If you have sought treatment for back or neck pain, your physio has probably discussed the implications of prolonged sitting at a desk.
As well as the stress on the structures of your spine that we as physios refer to, read the article below that refers to other health risks of too much sitting….
Why sitting less could be good for your health
It seems that every week a new article appears alerting us to the health risks of too much sitting. Some have referred to sitting as being the ‘new smoking of our generation’. Most recently, while spruiking the virtues of the recently released Apple Watch, Apple CEO Tim Cook controversially referred to sitting as the ‘new cancer’ – but quite simply, the real problem is that too much sitting is contributing to many of the chronic health conditions that affect large numbers of Australians.
So what is the evidence linking sitting to health risks?
Reviews of the literature have found evidence for increased risk of premature mortality (early than expected death), type 2 diabetes, some cancers and heart disease amongst those with high levels of sitting (1, 2). Importantly, regular moderate-vigorous physical activity (ie: meeting the minimal recommendation of 30 minutes per day) may not be enough to counter the adverse effects of too much sitting (2).

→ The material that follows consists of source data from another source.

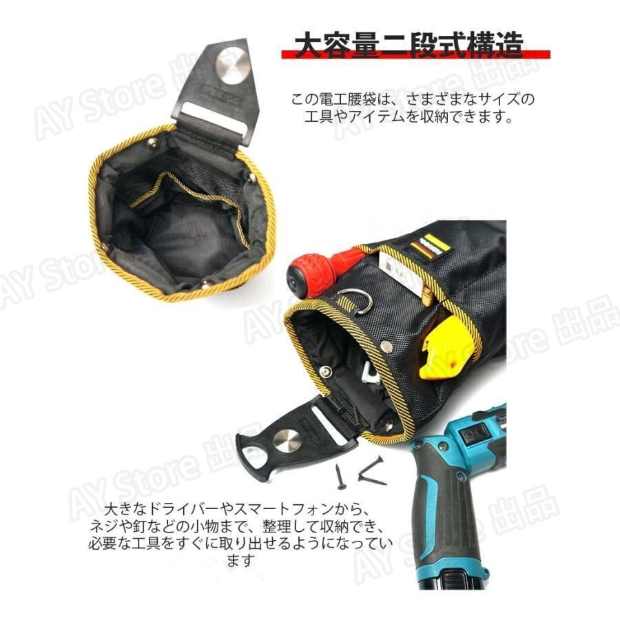この電工腰袋は、さまざまなサイズの工具やアイテムを収納できます。大きなドライバーやスマートフォンから、ネジや釘などの小物まで、整理して収納でき、必要な工具をすぐに取り出せるようになっています
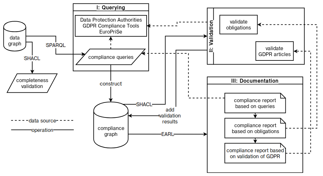 The information retrieved by the queries is relevant to the evaluation of compliance and therefore is saved in to a separate graph called compliance graph using SPARQL CONSTRUCT queries. The information within the compliance graph is linked to relevant obligations within the text of the GDPR using the GDPRtEXT ontology. Compliance validation is then performed using SHACL and the assessment is added to the graph. The purpose of this graph is to represent information relevant to compliance, to keep it separate from the data graph which may change with time, to capture a snapshot of the state of compliance, and to assist in the generation of compliance documentation.
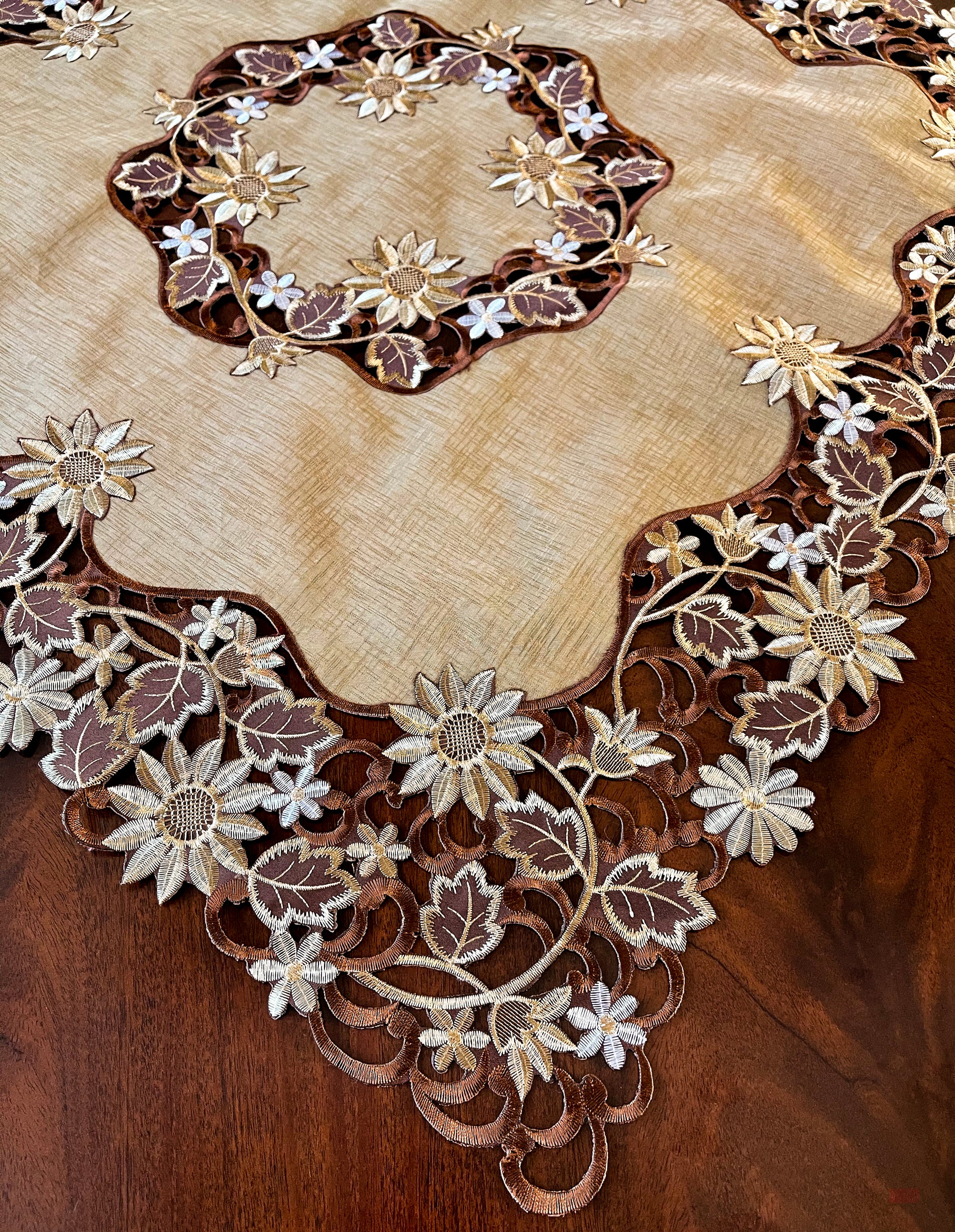One of our most classic designs, the Riva collection features delicate brown flowers and leaves embroidered on a cutwork cloth.
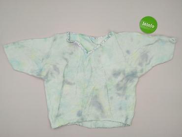 Bluza damska z miękkiej, puszystej dzianiny, w odcieniach miętowej zieleni z subtelnym, rozmytym wzorem tie-dye (pastelowe akcenty szarości, błękitu i żółci). Luźny krój z obniżoną linią ramion i bardzo szerokimi rękawami typu nietoperz/dolman. Dekolt w kształcie litery V wykończony połyskującą lamówką w kolorze jasnego błękitu. Dół zakończony delikatnym ściągaczem, który nadaje formę oversize’owej sylwetce.
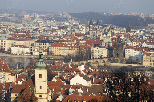 © Kajano, Fototapeta premium Sunny freezy winter Prague City z katedrami, zabytkowymi budynkami i wieżami w Czechach
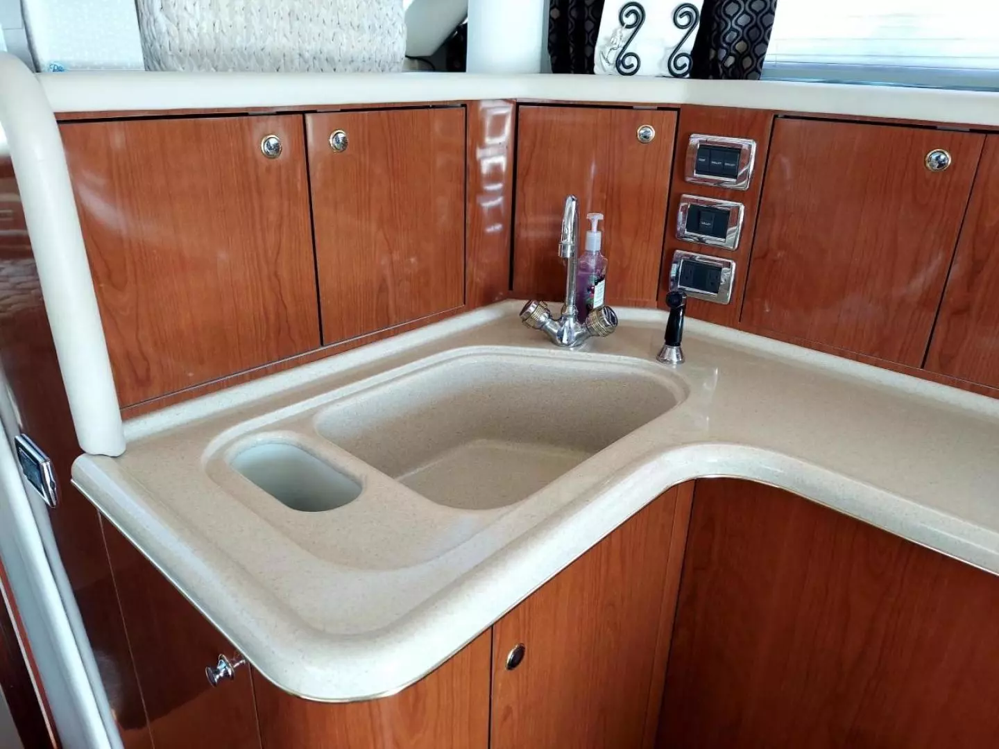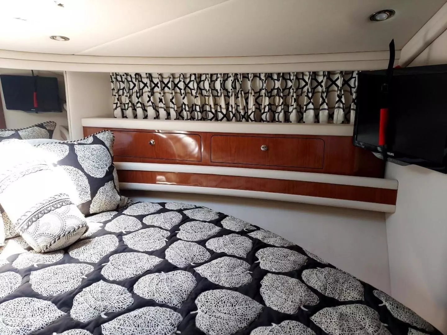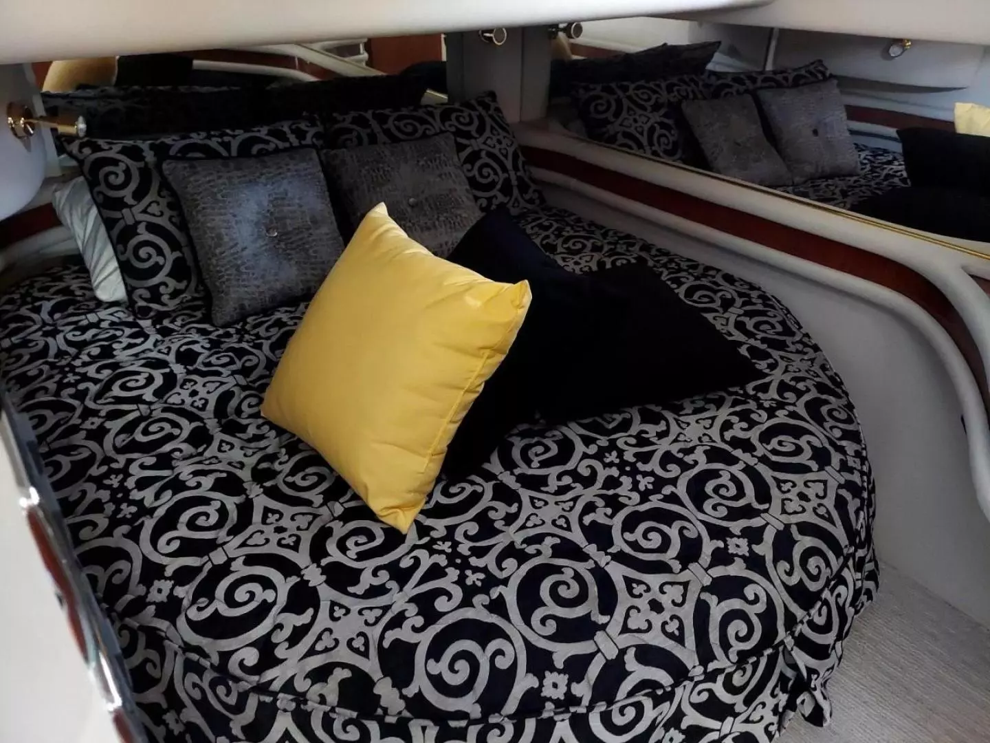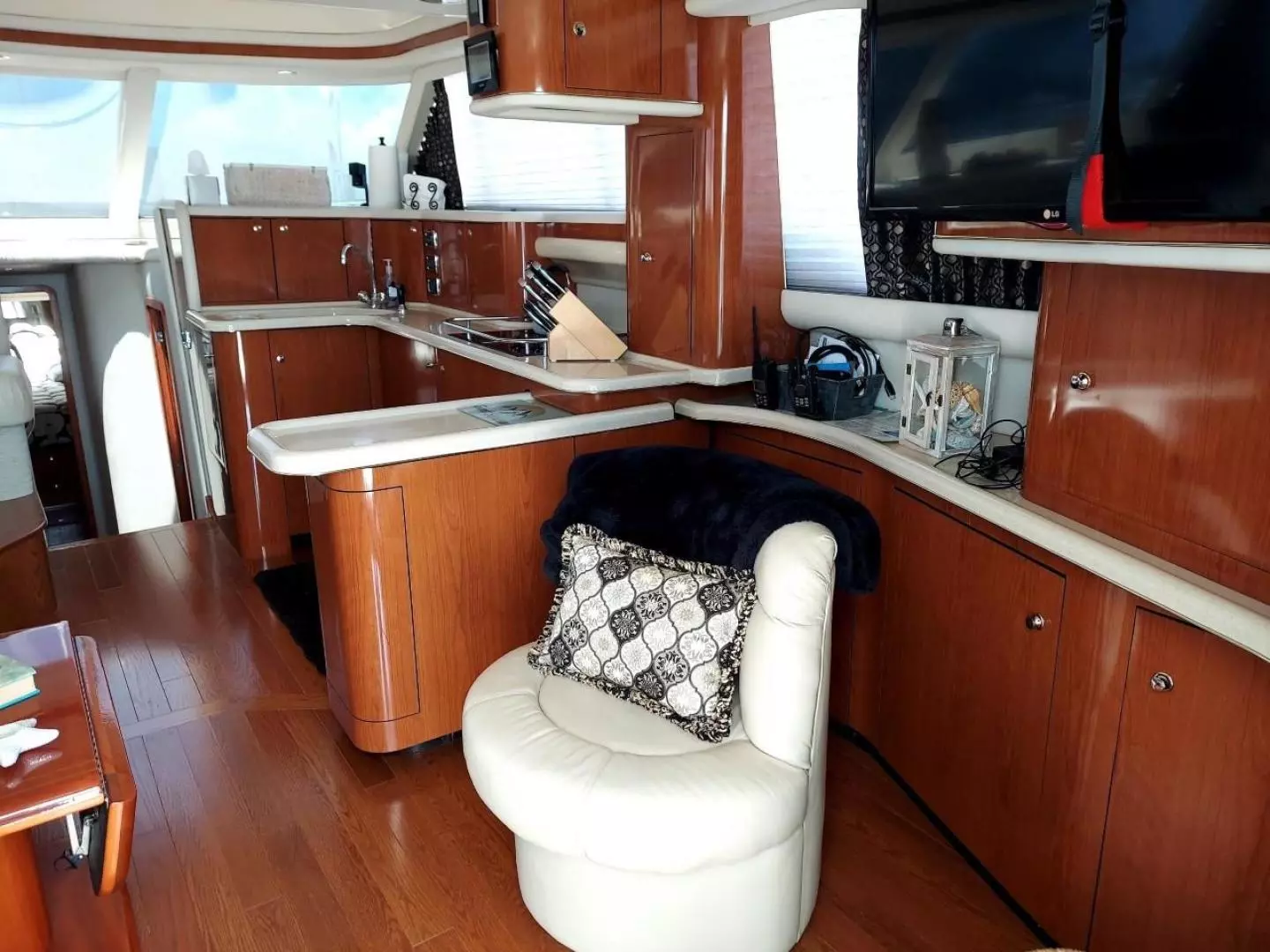 The master stateroom is forward with a ventilation hatch, hanging lockers port and starboard and storage underneath. Aft to starboard is the master head with vanity, mirror and a separate stall shower. Aft again to starboard is the second stateroom with crossover berths for sleeping or a seating area. Aft to port is the day head with vanity, mirror and a separate seal shower. Aft again to port is the VIP stateroom with a queen bed, hanging locker and TV. Up a couple of steps to the salon area you have a full dinette area followed by an L-shaped sofa with storage underneath that electronically converts to a bed. To starboard you have a spacious galley area followed by a barrel chair and a Hi-Lo table. Amtico flooring in the galley area and main salon.Out to the cockpit area with a couple of deck chairs, transom bench seat and a transom door to the swim platform. Up a stairwell to the flybridge you have a center helm with a companion seat. Forward of the helm you have u-shaped seating with a large table and wet bar to port.
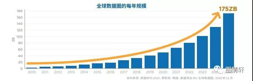 據IDC發布《數據時代2025》的(de)報告顯示,全球每年(nián)産生的(de)數據将從2018年(nián)的(de)33ZB增長(cháng)到175ZB,相當于每天産生491EB的(de)數據。
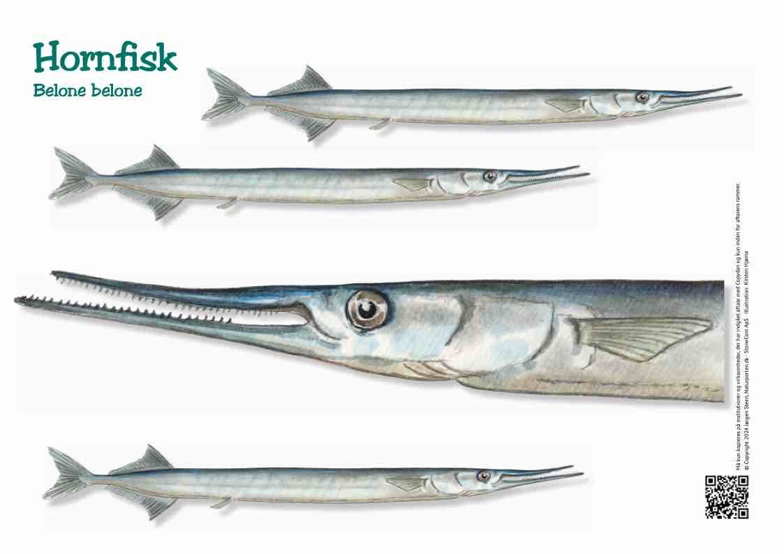 Hornfisken har en langstrakt, tynd krop. Ryg- og gatfinnen sidder meget langt tilbage på kroppen. Fiskens ryg er mørk blålig eller grønlig, hvorimod siderne er sølvfarvede. Hornfisken har lange kæber, der er besat af små, spidse tænder. Hornfiskens ben er grønlige på grund af et stort indhold af jernsulfat.

Compared with standing or moving around, sitting leads to a reduction in muscle contraction and blood flow, particularly in the lower limbs. This is thought to reduce the body’s ability to effectively regulate sugars and fats in the bloodstream, which is considered to be a possible mechanism behind some of the negative health effects observed. Long periods of prolonged sitting appear to be particularly detrimental for these metabolic processes.
Taking regular breaks from prolonged sitting throughout the day may be a simple, but important way to reduce this risk. Research from Baker IDI Heart and Diabetes Institute has shown that breaking up sitting every 20-30 minutes with 2 minutes of light walking leads to beneficial reductions in blood glucose levels, compared with uninterrupted sitting (3). Sitting breaks may also lead to reduced fatigue, greater concentration and fewer musculoskeletal problems (4), which is particularly relevant to the workplace environment.
What can we do about it?
We know that changes in the way we live – greater dependency on technology, long commutes and other social and environmental changes – have led to us spending more time sedentary, and less time in incidental activity (moving around). For those with desk-based jobs, it can be quite easy to spend the majority of waking hours sitting down.
Having greater awareness of the amount of time spent sitting is an important first step to reducing sedentary behaviour. Try to estimate how much time you spent sitting on a typical day in the past week. It may surprise you!
The good news is that there are many low or no cost strategies to reduce sitting time in the workplace or the home. This includes taking the stairs rather than the lift; walking to a co-worker rather than emailing them, or getting off the chair and standing more in meetings. An increasing number of organisations are now recognising the health and wellbeing benefits to providing environments that support active movement throughout the day.
It is important to remember that not all sitting is bad; the key is to break up sitting as much as possible. Sit less, stand up and move more – your body will thank you!
Professor David Dunstan, Head, Physical Activity Laboratory, Baker IDI Heart and Diabetes Institute
Ms Nyssa Hadgraft, PhD student, Physical Activity Laboratory, Baker IDI Heart and Diabetes Institute
1. Biswas A, Oh PI, Faulkner GE, et al. Sedentary time and its association with risk for disease incidence, mortality, and hospitalization in adults: A systematic review and meta-analysis. Ann Intern Med. 2015; 162(2):123-32.
2. Dunstan DW, Howard B, Healy GN, et al. Too much sitting – A health hazard. Diabetes Res Clin Pract. 2012; 97(3):368-76.
3. Dunstan DW, Kingwell BA, Larsen R, et al. Breaking up prolonged sitting reduces postprandial glucose and insulin responses. Diabetes Care. 2012; 35(5):976-83.
4. Thorp AA, Kingwell BA, Owen N, et al. Breaking up workplace sitting time with intermittent standing bouts improves fatigue and musculoskeletal discomfort in overweight/obese office workers. Occupational and environmental medicine. 2014;71(11):765-71.